Восторг от чего? Не от его же внешнего вида — по сравнению с присутствующим в зале статным благообразно седым Тургеневым, единственным на тот момент русским писателем, которого знала и по-настоящему признавала Европа, изможденный, с нервным, подергивающимся лицом Достоевский выглядел жалко. Один из современников, а точнее, одна из современниц, писательница Е. П. Леткова-Султанова запомнила в тогдашнем Достоевском «сероватое лицо, сероватую жидкую бороду, недоверчивый, запуганный взгляд и сжатые, точно от зябкости, плечи». Но тем не менее — «восторг, энтузиазм». Федор Михайлович объясняет это просто, тремя словами: «Все от «Карамазовых».
Это было второе письмо жене в течение суток. Первое, датированное предыдущим днем, на самом деле писалось уже 8 июня, после полуночи. Начинающемуся дню суждено было стать благодаря речи Достоевского апофеозом пушкинских торжеств. Разумеется, в этом первом письме тоже говорится о романе, который, нелишне напомнить, уже давно печатался, но заключительные главы которого еще не были написаны.
«В антракте прошел по зале, и бездна людей, молодежи и седых, и дам, бросились ко мне, говоря: «Вы наш пророк, вы нас сделали лучшими, когда мы прочли «Карамазовых». И подытоживает в скобках: «Одним словом, я убедился, что «Карамазовы» имеют колоссальное значение». Теперь к этому прибавился еще оглушительный успех пушкинской речи. «Когда я закончил, — пишет он Анне Григорьевне, — я не скажу тебе про рев, про вопль восторга: люди незнакомые между публикой плакали, рыдали, обнимали друг друга...»
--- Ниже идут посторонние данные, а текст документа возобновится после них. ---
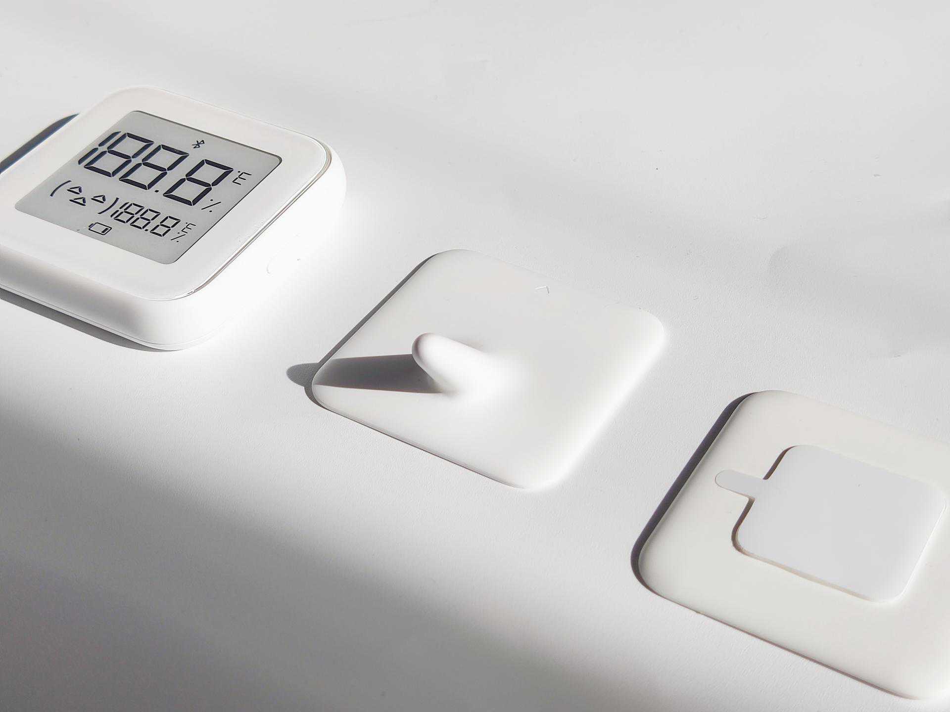 包装一如既往的小米极简风格,打开外包装,我们可以看到主体“湿温度计”、还有墙贴、支架与说明书。其实外包装没有什么好讲的,直接来看这款湿温度计的外观方面的设计。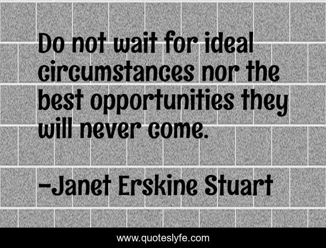 This page presents the quote "Do not wait for ideal circumstances nor the best opportunities they will never come.". Author of this quote is Janet Erskine Stuart. .

Быть может, Федор Михайлович, ни в чем не знающий меры, преувеличивает? Нет, не преувеличивает. Сохранилось множество свидетельств, в которых подтверждается, что люди действительно и плакали и обнимали друг друга, и даже падали в обморок. «Согласись, Аня, — резюмирует триумфатор, — это залоги будущего, залоги всего, если я даже и умру». Стало быть, и в эту минуту — минуту высшего своего торжества — думал о смерти. Не об отдаленной — через двадцать лет — смерти, но и не такой уж близкой. Продолжение «Карамазовых», где будут действовать, в основном, подросшие дети главных героев, написать, во всяком случае, успеет. «Напишу еще «Детей» и умру», — сказал он окружившим его почитателям. Шум стоял неимоверный, но слова Достоевского расслышали и донесли до потомков.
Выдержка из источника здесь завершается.